YOUR OBJECTIVE → What you return must be exactly the lines from the beginning of the material through the line containing "Lồng cánh: chất", both included, and no pictures.

• • • •

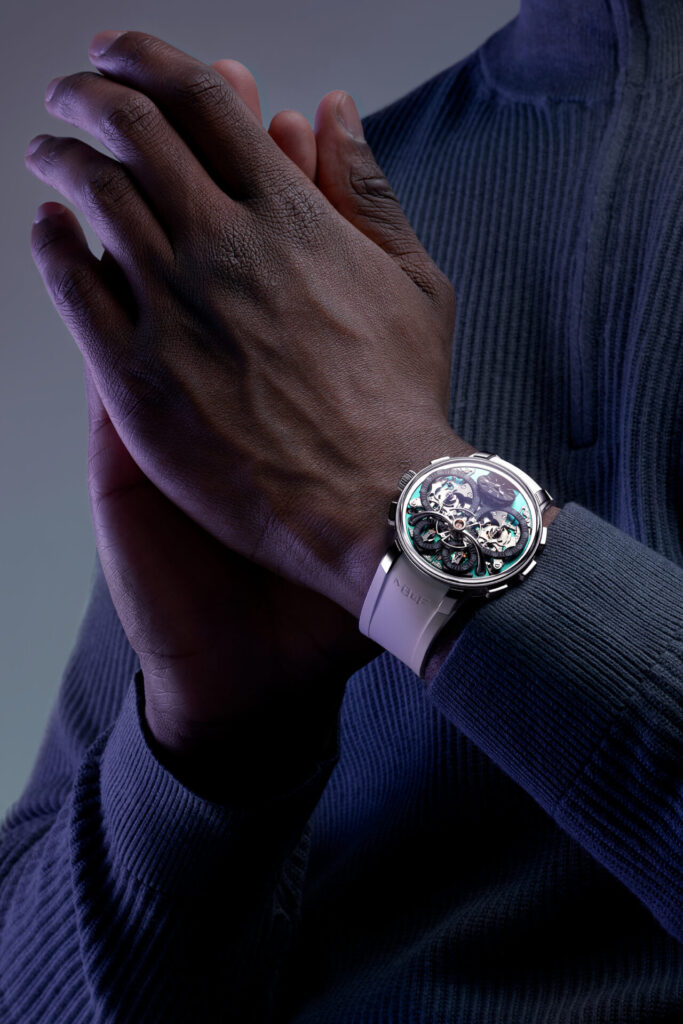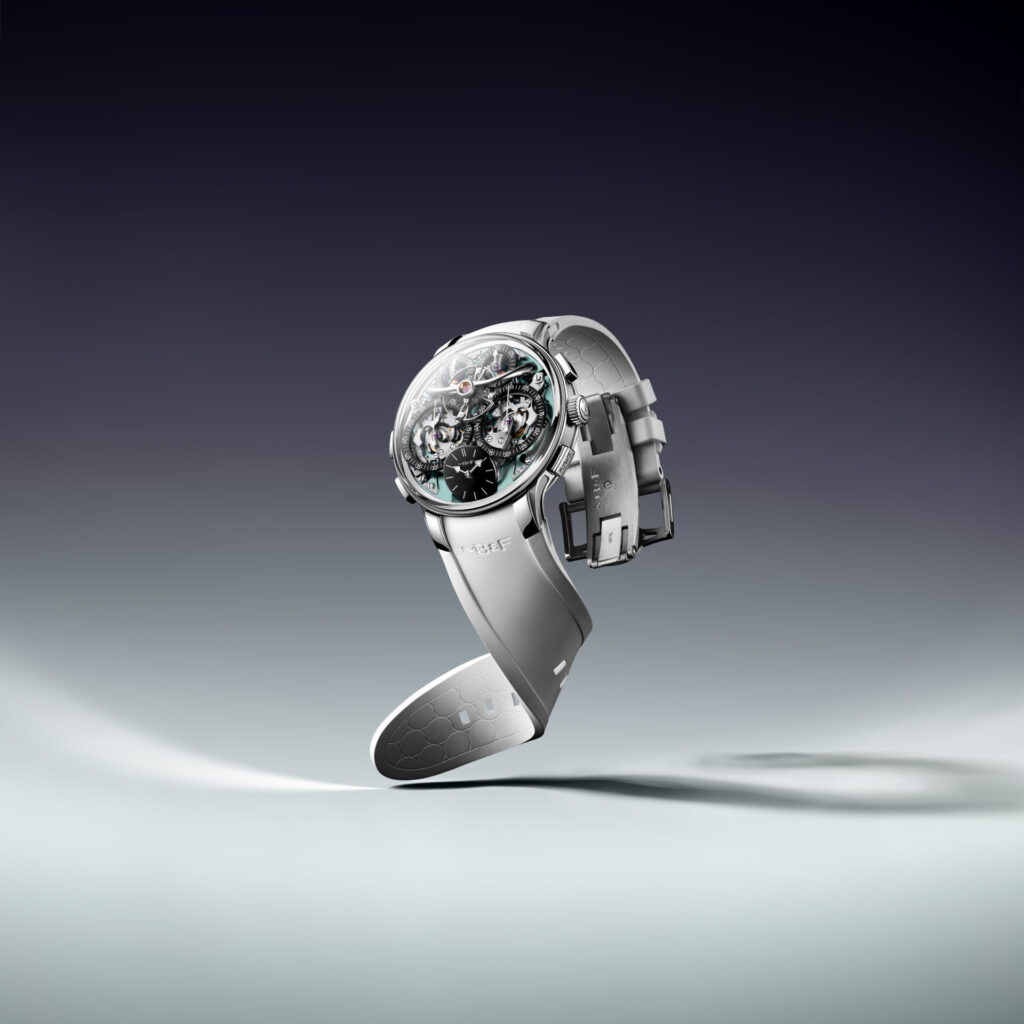 At the core of the EVO case is MB&F’s FlexRing shock-absorption system, positioned between the case and movement. This annular dampener cushions impacts along both vertical and lateral axes, protecting Stephen’s intricate mechanism during activities that would challenge conventional chronographs. The absence of a traditional bezel opens sight lines to the domed sapphire crystal, treated with anti-reflective coating on both surfaces. Super-LumiNova enhances legibility across all displays, including the tilted time dial at six o’clock, carried over from the classic Legacy Machine edition.
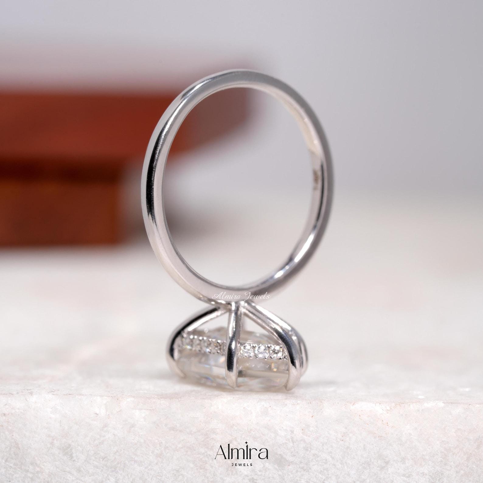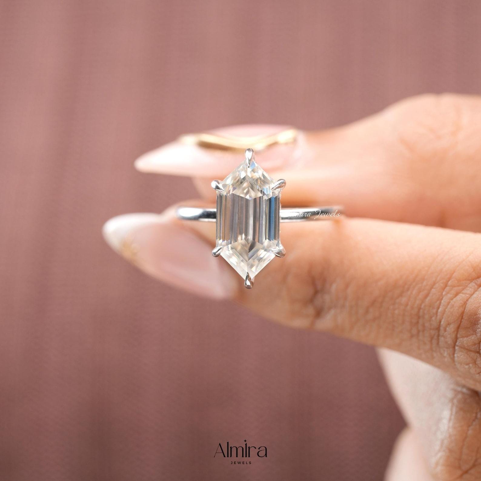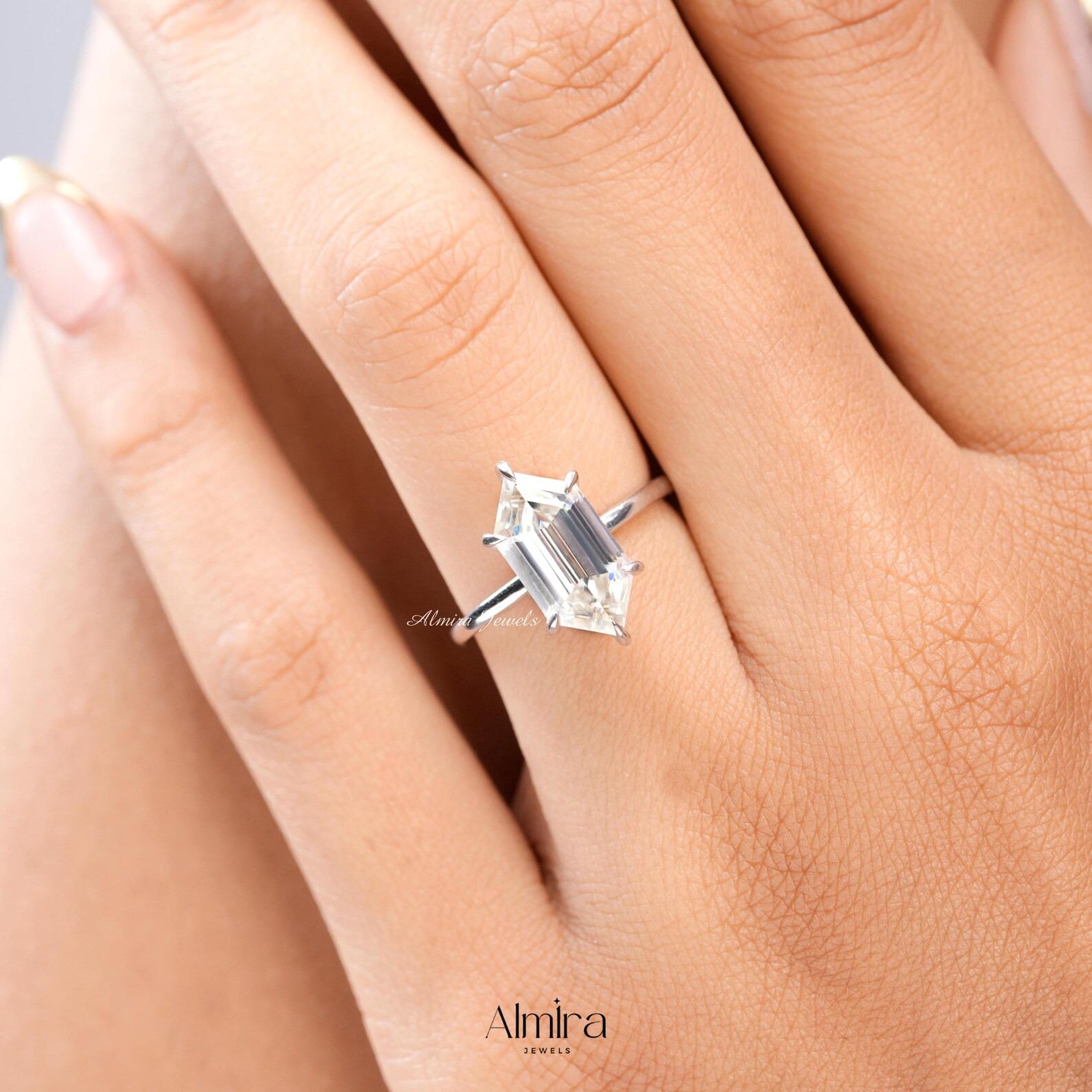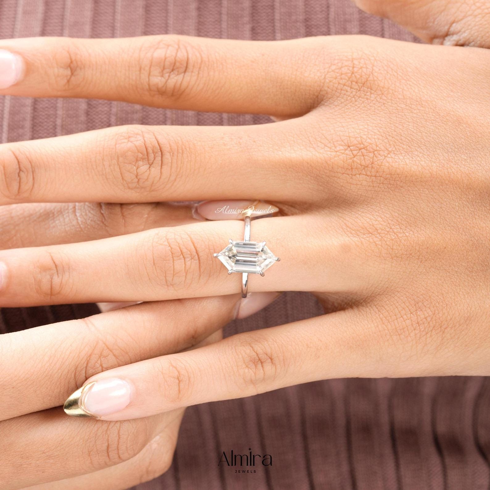 5 CT Dutch Marquise Step Cut Moissanite Engagement Ring, Hexagon Cut Colorless Moissanite Hidden Halo Wedding Ring Claw Prong Solitaire Ring
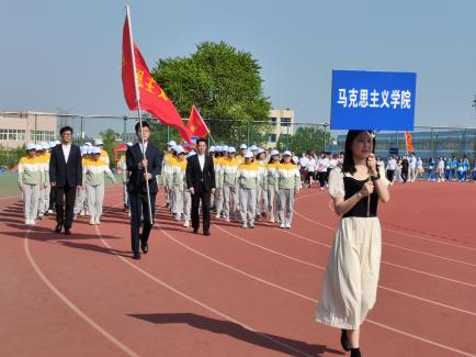 上午八点,开幕式正式开始。伴随着铿锵有力的运动员进行曲,太阳集团城娱8722方队入场,方队步伐整齐,口号嘹亮,充分展现了马院师生团结一致,奋勇拼搏,勇往直前的昂扬斗志。
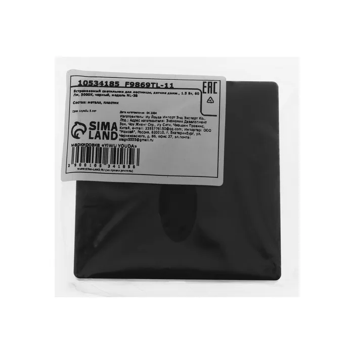Встраиваемый светильник для лестницы NL-38, с датчиком движения, 1.5 Вт, 60 Лм, 3000К, 86×86 мм, чёрный, свечение тёплое белое — Характеристики
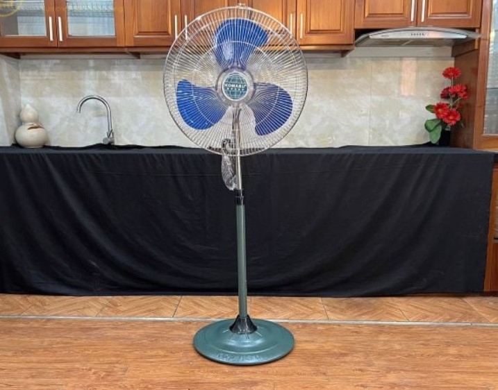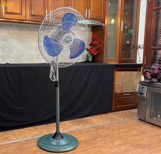 Lồng cánh: chất liệu sắt sơn mạ inox tĩnh điện màu trắng cánh xanh, bản lá mít. Cánh tai voi cho quạt êm hơn, công suất nhỏ hơn cánh vát(không gây ồn) thiết kế đẹp dánh cho văn phòng.
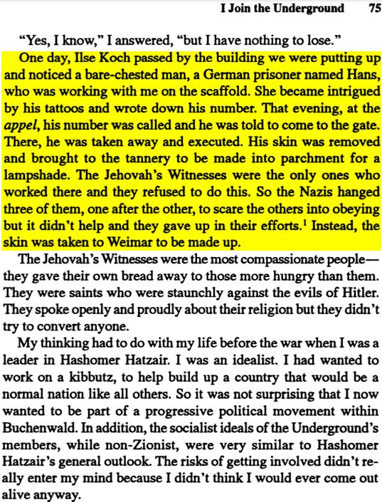 Su piel fue quitada y llevada a la curtiduría para ser "laminada" (parchment) para la cubierta de piel (lampshade) [de la lámpara]. Los Testigos de Jehová eran los únicos que trabajaron allí y ellos rechazaron hacer esto. Entonces los Nazis ahorcaron a tres de ellos, uno tras otro, asustaron a los demás en para que obedecieran pero esto no ayudó y ellos se rindieron en sus esfuerzos. En cambio, la piel fue llevada a Weimar para ser elaborada...
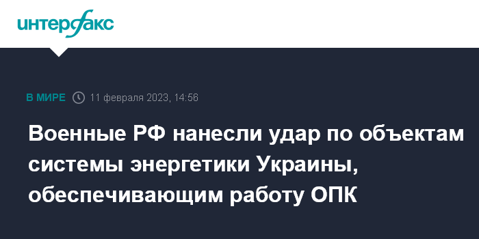 Москва. 11 февраля. INTERFAX.RU - Российские военные накануне нанесли массированный ракетный удар по объектам системы энергетики, обеспечивающим функционирование предприятий ОПК и транспорта Украины, заявили в Минобороны РФ.
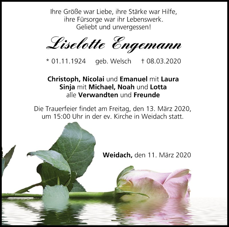 Hier finden Sie alle Traueranzeigen aus der Zeitung, die bisher für Liselotte Engemann erschienen sind. Weitere Traueranzeigen, die in der Zeitung erscheinen, werden hier ebenfalls aufgelistet
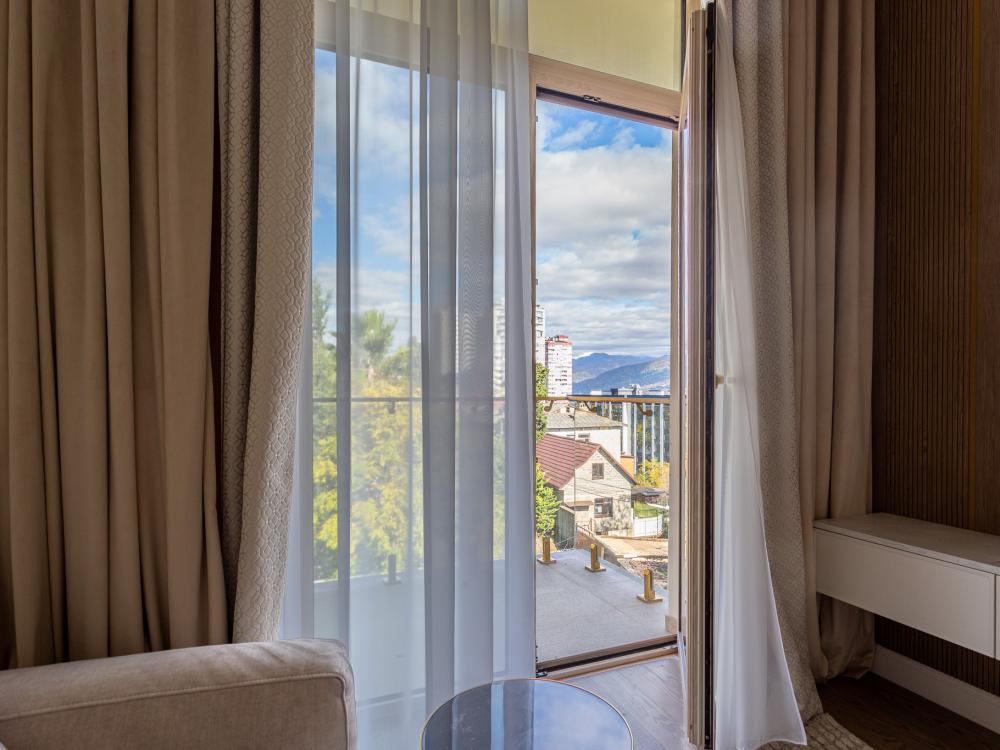 Просторный апартамент с видом на горы, площадью 35 м² разделён функциональной декоративной перегородкой, отделяющей спальную зону с двуспальной кроватью от гостиной с диваном. ✔️В каждом апартаменте есть кухонная зона, электробытовые приборы, вся необходимая посуда, холодильник встроенный однокамерный; ✔️Комфортная температура в помещении поддерживается теплыми полами зимой и кондиционером летом, регулируется индивидуально для Вас; ✔️Wi-fi (100 Мб); ✔️Кровать "King size" 160*200 см с ортопедическим матрасом гарантирует здоровый и крепкий сон. В гостиной раскладной диван (спальное место 140*200 см); ✔️Белоснежное постельное белье, махровые полотенца, мягкие халаты и тапочки; ✔️Средства индивидуальной гигиены; ✔️Консьерж-сервис закажет для Вас билеты на мероприятия, организует морскую прогулку, забронирует яхту, позаботится о доставке и возьмет под свой контроль другие дела, освободив Вам время для отдыха. Апартамент рассчитан на троих Гостей + дополнительно возможно разместить 1 ребёнка (0-12 лет), без предоставления спального места.

• • • •

RESPONSE AREA →
 At the core of the EVO case is MB&F’s FlexRing shock-absorption system, positioned between the case and movement. This annular dampener cushions impacts along both vertical and lateral axes, protecting Stephen’s intricate mechanism during activities that would challenge conventional chronographs. The absence of a traditional bezel opens sight lines to the domed sapphire crystal, treated with anti-reflective coating on both surfaces. Super-LumiNova enhances legibility across all displays, including the tilted time dial at six o’clock, carried over from the classic Legacy Machine edition.
 5 CT Dutch Marquise Step Cut Moissanite Engagement Ring, Hexagon Cut Colorless Moissanite Hidden Halo Wedding Ring Claw Prong Solitaire Ring
 上午八点,开幕式正式开始。伴随着铿锵有力的运动员进行曲,太阳集团城娱8722方队入场,方队步伐整齐,口号嘹亮,充分展现了马院师生团结一致,奋勇拼搏,勇往直前的昂扬斗志。
Встраиваемый светильник для лестницы NL-38, с датчиком движения, 1.5 Вт, 60 Лм, 3000К, 86×86 мм, чёрный, свечение тёплое белое — Характеристики
 Lồng cánh: chất liệu sắt sơn mạ inox tĩnh điện màu trắng cánh xanh, bản lá mít. Cánh tai voi cho quạt êm hơn, công suất nhỏ hơn cánh vát(không gây ồn) thiết kế đẹp dánh cho văn phòng.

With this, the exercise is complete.